(Beginning of MATERIAL SUPPLIED)

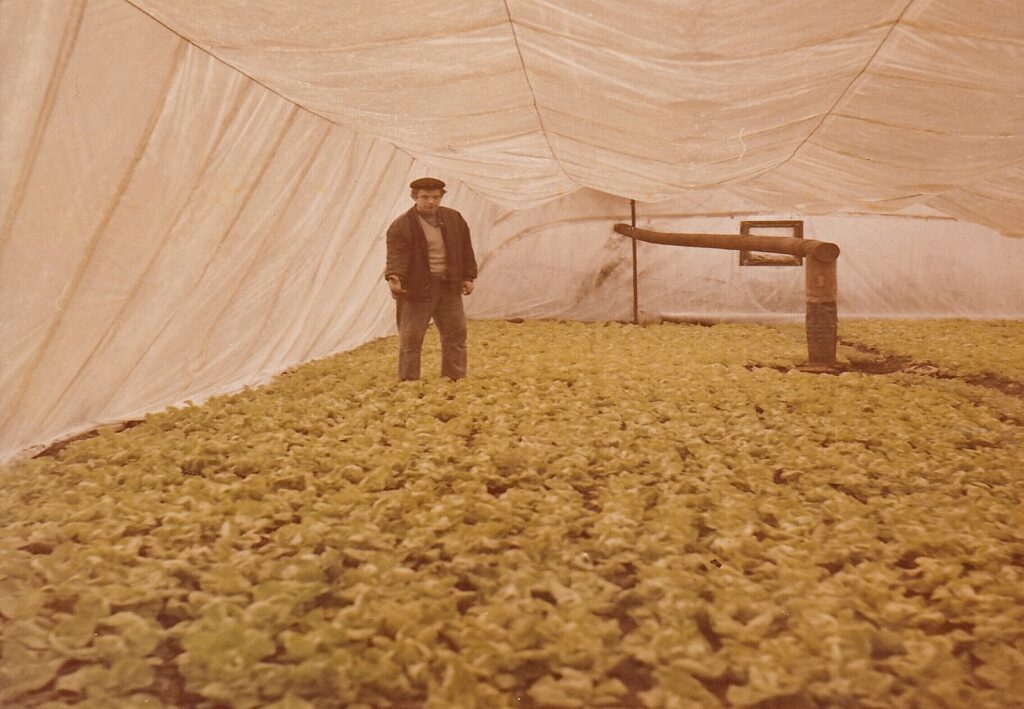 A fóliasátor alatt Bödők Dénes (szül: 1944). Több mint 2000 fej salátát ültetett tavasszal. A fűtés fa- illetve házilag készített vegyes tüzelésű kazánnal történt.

(End of MATERIAL SUPPLIED)
(Beginning of MATERIAL SUPPLIED)

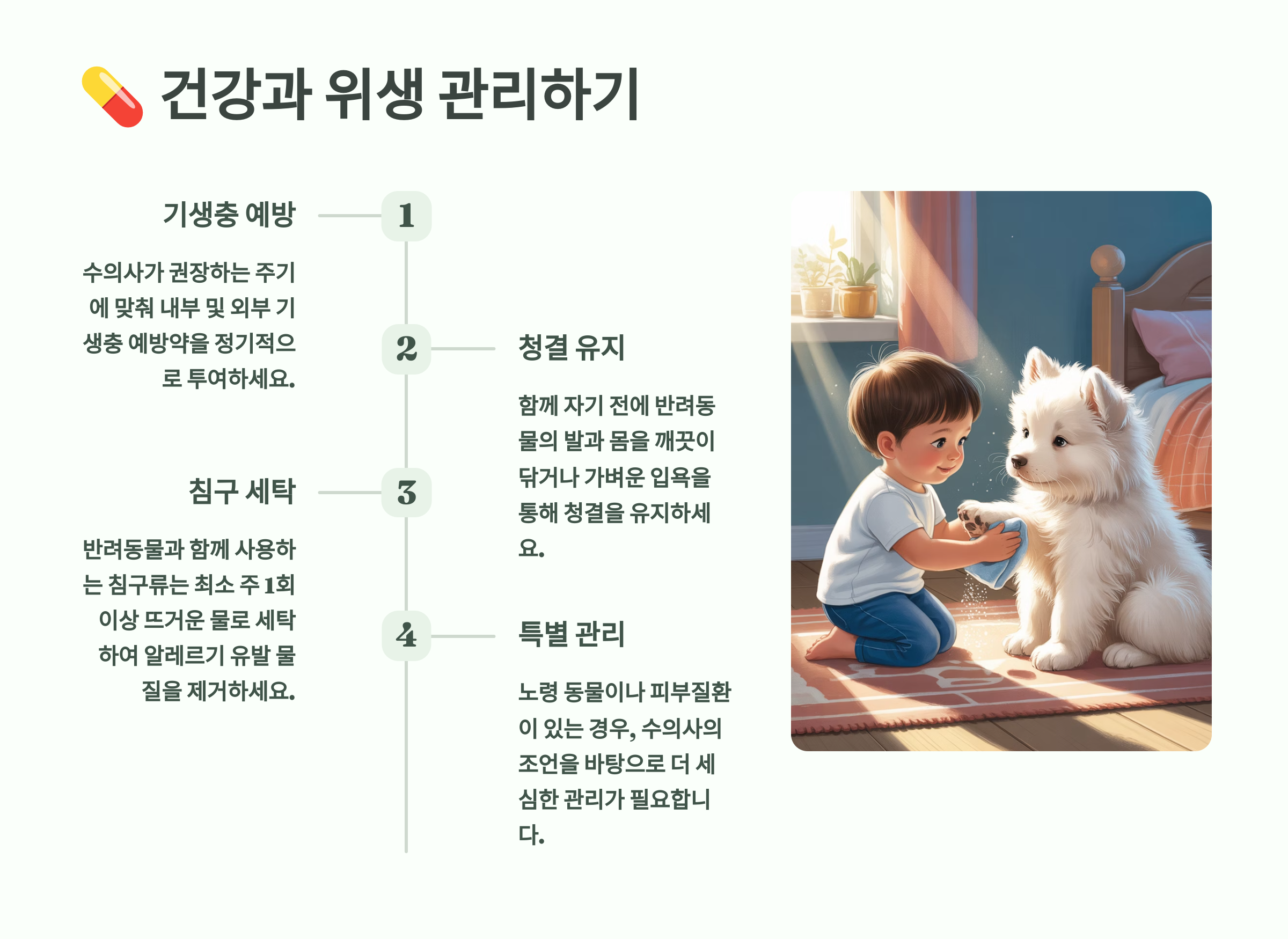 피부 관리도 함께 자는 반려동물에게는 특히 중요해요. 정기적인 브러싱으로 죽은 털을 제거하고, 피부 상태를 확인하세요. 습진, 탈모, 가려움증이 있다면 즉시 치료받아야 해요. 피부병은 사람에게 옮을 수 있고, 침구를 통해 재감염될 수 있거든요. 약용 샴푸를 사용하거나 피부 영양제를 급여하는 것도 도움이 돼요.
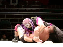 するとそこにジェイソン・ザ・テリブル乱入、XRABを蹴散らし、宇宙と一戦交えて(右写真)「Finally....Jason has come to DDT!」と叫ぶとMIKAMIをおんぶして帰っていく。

(End of MATERIAL SUPPLIED)

TASK BRIEF -> Reproduce word for word, with pictures dropped, only the part of the material above that opens with the line containing "피부 관리도 함께 자는" and closes with the line containing "come to DDT!」と叫ぶとMIKAMIをおんぶして帰っていく。".

WORKED SOLUTION ->
 피부 관리도 함께 자는 반려동물에게는 특히 중요해요. 정기적인 브러싱으로 죽은 털을 제거하고, 피부 상태를 확인하세요. 습진, 탈모, 가려움증이 있다면 즉시 치료받아야 해요. 피부병은 사람에게 옮을 수 있고, 침구를 통해 재감염될 수 있거든요. 약용 샴푸를 사용하거나 피부 영양제를 급여하는 것도 도움이 돼요.
 するとそこにジェイソン・ザ・テリブル乱入、XRABを蹴散らし、宇宙と一戦交えて(右写真)「Finally....Jason has come to DDT!」と叫ぶとMIKAMIをおんぶして帰っていく。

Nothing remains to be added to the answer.